L’ultima puntata della battaglia di Matteo Renzi contro sindacati e organi di rappresentanza delle categorie è il taglio al Fondo di sostegno per i patronati. Nella legge di stabilità 2015, gli stanziamenti per questi uffici sparsi in tutta Italia e anche all’estero, emanazione diretta delle sigle sindacali e delle associazioni di imprenditori, agricoltori e artigiani, vengono ridotti di 150 milioni di euro su un totale di 430. Un taglio del 34,5% che colpisce sportelli in cui è possibile sbrigare gratuitamente pratiche di lavoro, pensioni e rinnovi dei permessi di soggiorno, e che per i sindacati sono anche avamposti per convogliare nuove tessere e nuovi iscritti.

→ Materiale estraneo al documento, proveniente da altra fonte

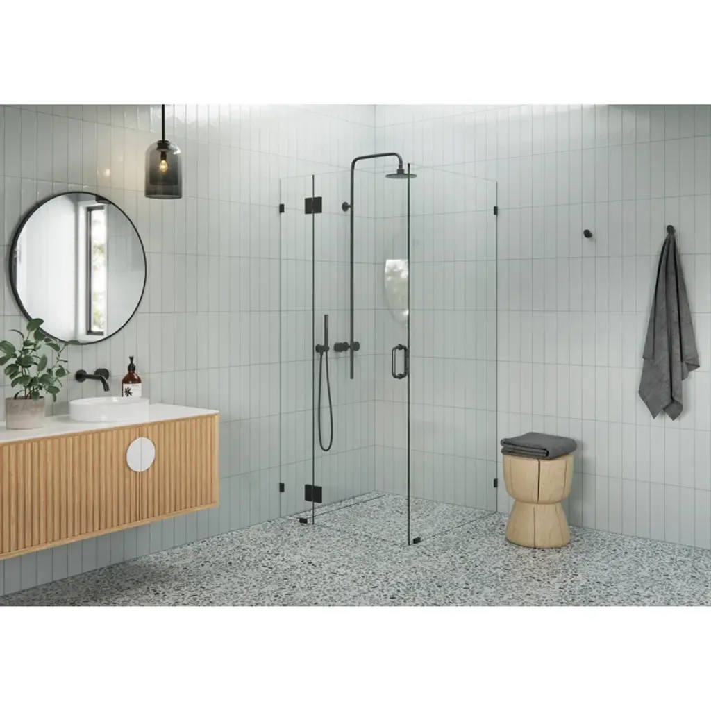 Highlight the fixtures in your bathroom with the understated minimalism of a glass-hinged 90-degree corner shower enclosure. Taller than most competitor shower enclosures, our frameless 3/8" tempered glass panels come in a standard 78" height. At the same time, the flexibility of a glass-hinged panel allows room for wall accessories or a design that doesn't suit a wall-hung door. Glass is treated on both sides with EnduroShield coating, which aids in repelling water and soap residue, allowing the panels to be fully reversible. In addition, our superior quality solid brass hardware is available in a variety of color finishes to suit any bathroom. With our extensive range of frameless shower door and panel sizes, the Halo walk-in enclosure by Glass Warehouse is perfect for any space, creating a light and airy feel to your bathroom.
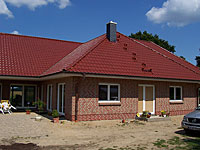 Neubau ca. 450 qm Dachfläche / Dachziegel: Creaton Tonziegel glasiert/ Unterspannbahnen „Delta Maxx“ Laufanlage für Schornsteinfeger / Schornstein verschiefert m. Naturschiefer
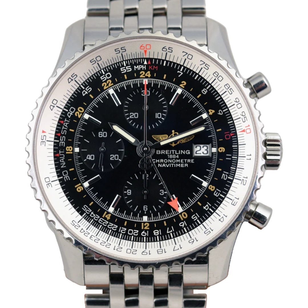 Breitling Navitimer Chronograph GMT 46 Watch, Stainless Steel on a Black Dial (Accompanied by the Original Leather Strap)

Il taglio, comunque, non mette d’accordo nemmeno gli stessi renziani, visto che 140 deputati del Partito democratico di ogni corrente e colore hanno firmato un emendamento per abrogare il comma 10 dell’articolo 26 del disegno di legge di stabilità e reintegrare quindi i fondi. Dalla poltrona di Porta a Porta il presidente del Consiglio ha rassicurato gli animi, lasciando intendere che farà il possibile per trovare i soldi. Dove non si sa. Intanto, per il 15 di novembre è prevista una mobilitazione nazionale dei dipendenti dei patronati di Cgil, Cisl, Uil e Acli (non hanno aderito i lavoratori autonomi), e la petizione online contro i tagli (sul sito www.tituteliamo.it) ha superato ormai le 332mila firme. Se il governo non dovesse cambiare idea, sono pronti anche alla serrata. «Con estremo dispiacere», dicono, «perché faremmo mancare un servizio al cittadino».
(Il comma 10 dell’articolo 26 del disegno di legge di stabilità 2015)

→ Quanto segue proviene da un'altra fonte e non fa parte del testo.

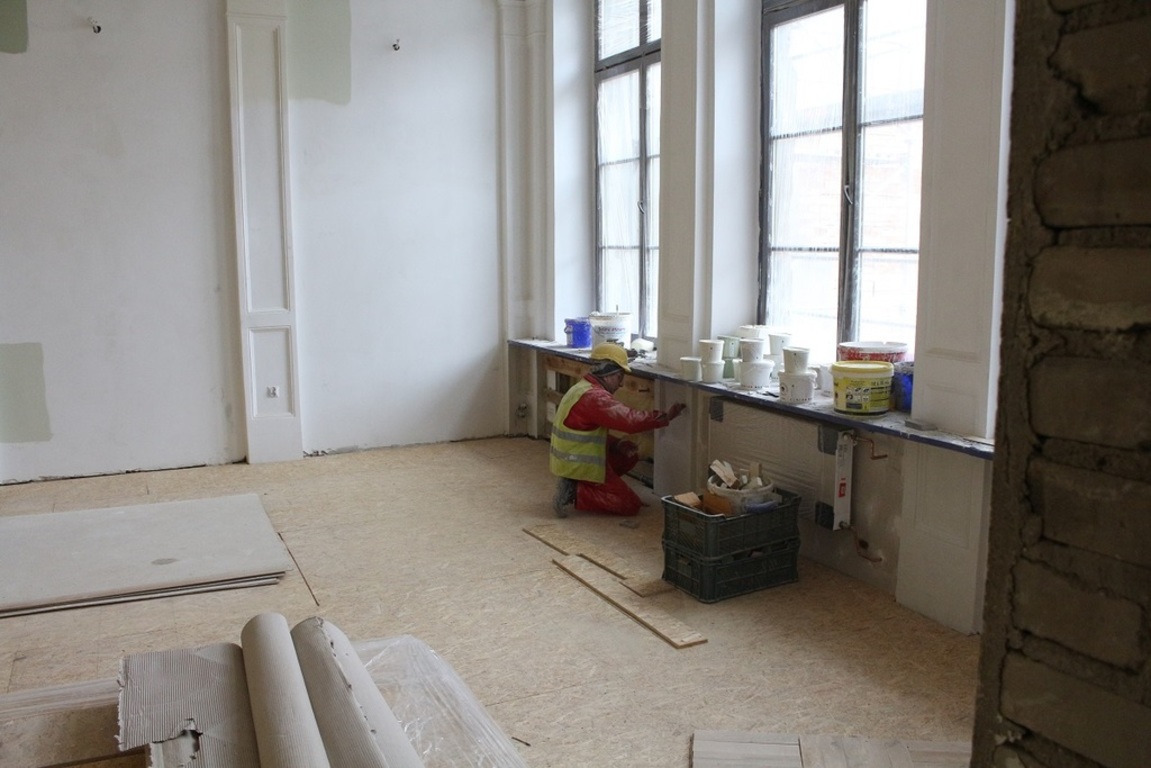 Obecnie prowadzone są prace w segmentach A, B i D, w których do tej pory wykonano: remont elewacji oraz dachów (nowe poszycie, dachówka, klapy dymowe), renowację i wymianę stolarki okiennej; wymianę instalacji elektrycznej, niskoprądowej); c.o., wodociągowej i sanitarnej; montuje się instalację wentylacyjno-klimatyzacyjną; serwerownię dla całego budynku.
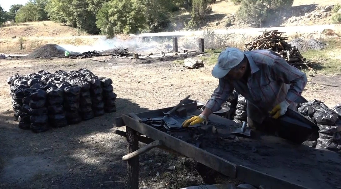 "Meşe odunu kamyonla, tırla geliyor. Yaklaşık 25 ton odun geliyor. Bunu 4-5 sefer elimizden geçiriyoruz. Ayırıyoruz, diziyoruz, kesiyoruz, samanlıyoruz, topraklıyoruz ve yakıyoruz. 15 gün bekliyoruz, gece gündüz başında duruyoruz. 15 gün sonra soğutuyoruz, sonra yavaş yavaş kuyuları açıyoruz. Kuyuların sistemi, eski sisteme göre daha iyi. 5 veya 6 ton odundan 1 ton kömür elde ediliyor. Yani koyduğun odunun hepsi kömür olmuyor. Hava şartları iyi giderse 5’de 1, kötü giderse 6’da 1 kömür çıkıyor. Adam bulamıyoruz. Adam bulsak beş ayda burada 100 ton kömür çıkarırız ama biz ancak yarısını, yani ortalama 50 ton kömür çıkarabiliyoruz. Millet, piknik alanlarında bunun keyfini sürüyor. Bir de fiyatlar pahalı diyor. Geliyorlar, 50 lira yüksek geliyor. Marketten aldığın kömür belli, 2 kilosu zaten 100 küsur lira, 160 lira. Kömür değil o. Marketten her gün alıyorsun. Bak, biz burada uğraşıyoruz, 24 saat bekliyoruz. Bunun yağmuru var, fırtınası var ama sefasını onlar çekiyor. Onlar yakıyor, sadece ’pıtır pıtır’ yelpazeliyor. Yüzde 50’si mangal yakmayı bile bilmiyor. Alıyorlar gidiyorlar, ’Yakıyoruz’ diyorlar, habire yakıyorlar. O yakanlar bizim için iyi müşteri. Bilen adam bizim için iyi müşteri değil. O güzel yakıyor, 10 kilo kömürü 2 ayda yakıyor. Öbürü 15 günde yakıyor. O, bizim için çok güzel müşteri. Ben onları gözlerinden öpüyorum."
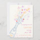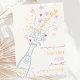 This trendy hand drawn style illustrated save the date invitation card features a scribble champagne bottle popping flowers and confetti. The whimsical and quirky design includes handwritten font and celebration doodles. Pastel colours with dusty blue tones for a fun and modern wedding stationary collection.

«La sottrazione delle risorse al fondo patronati, se viene approvata così com’è, si tradurrà in un’altra tassa occulta ai danni delle persone più deboli, che saranno così costrette a rivolgersi al mercato», dice Angela Presciani, responsabile Inas Lombardia, il patronato che nella regione fa riferimento alla Cisl. Anche perché «il Fondo per i patronati non contiene risorse pubbliche, ma i contributi versati dai lavoratori privati e pubblici dipendenti e autonomi e dalle imprese, che così non torneranno nelle tasche dei lavoratori né finiranno a migliorare le politiche del lavoro, ma andranno nelle casse dello Stato per ripianare buchi di bilancio, sottraendoli a un servizio fondamentale per i cittadini. Il governo finirà per appropriarsi di soldi che sono dei lavoratori». E non sarebbe il primo taglio al fondo: dal 2011 al 2013, ai patronati sono già stati decurtati altri 90 milioni di euro.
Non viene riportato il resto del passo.